We study vantage-point trees constructed using an independent sample from the uniform distribution on a fixed convex body $K$ in $(\mathbb{R}^d,\|\cdot\|)$, where $\|\cdot\|$ is an arbitrary norm on $\mathbb{R}^d$. We prove that a sequence of sets, associated with the left boundary of a vantage-point tree, forms a recurrent Harris chain on the space of convex bodies in $(\mathbb{R}^d,\|\cdot\|)$. The limiting object is a ball polyhedron, that is, an a.s.~finite intersection of closed balls in $(\mathbb{R}^d,\|\cdot\|)$ of possibly different radii. As a consequence, we derive a limit theorem for the length of the leftmost path of a vantage-point tree.

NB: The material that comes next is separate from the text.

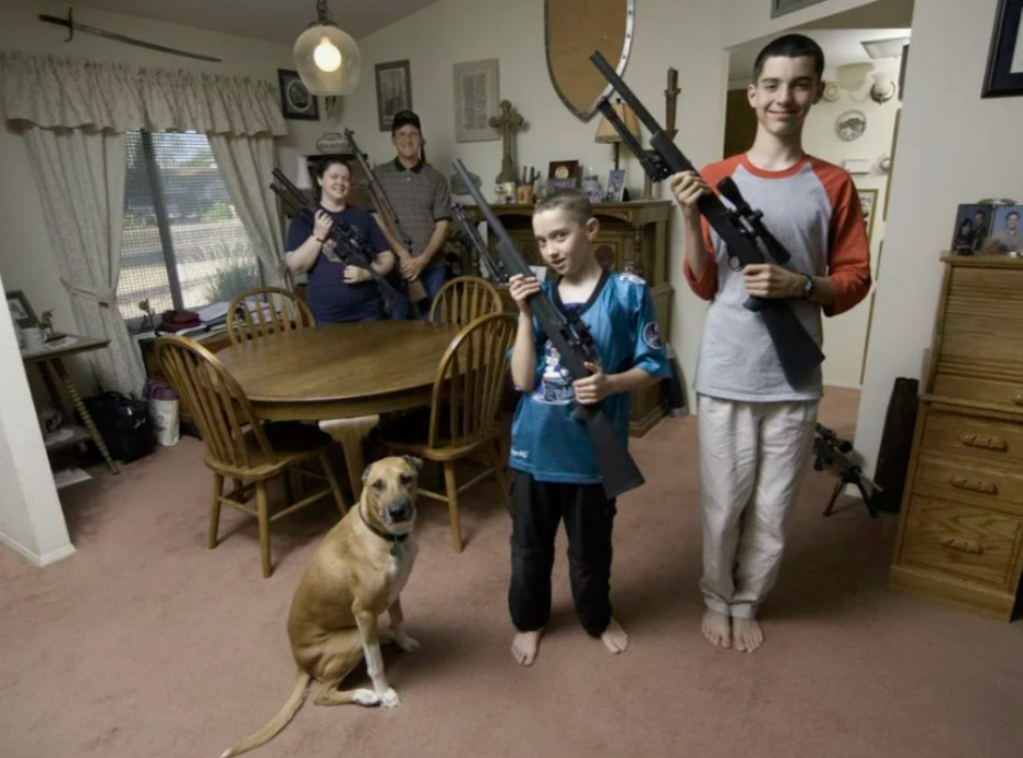 Логичное предположение: у каждого жителя есть оружие. Американские законы позволяют безнаказанно стрелять в непрошеных гостей.

翻译：我们研究在固定凸体$K$（位于赋范空间$(\mathbb{R}^d,\|\cdot\|)$中，其中$\|\cdot\|$是$\mathbb{R}^d$上的任意范数）上，利用均匀分布独立样本构建的视点树。我们证明，与视点树左边界相关联的一系列集合，在$(\mathbb{R}^d,\|\cdot\|)$中凸体构成的空间上形成一个递归哈里斯链。其极限对象是一个球多面体，即$(\mathbb{R}^d,\|\cdot\|)$中不同半径闭球的几乎必然有限交集。由此，我们推导出视点树最左路径长度的极限定理。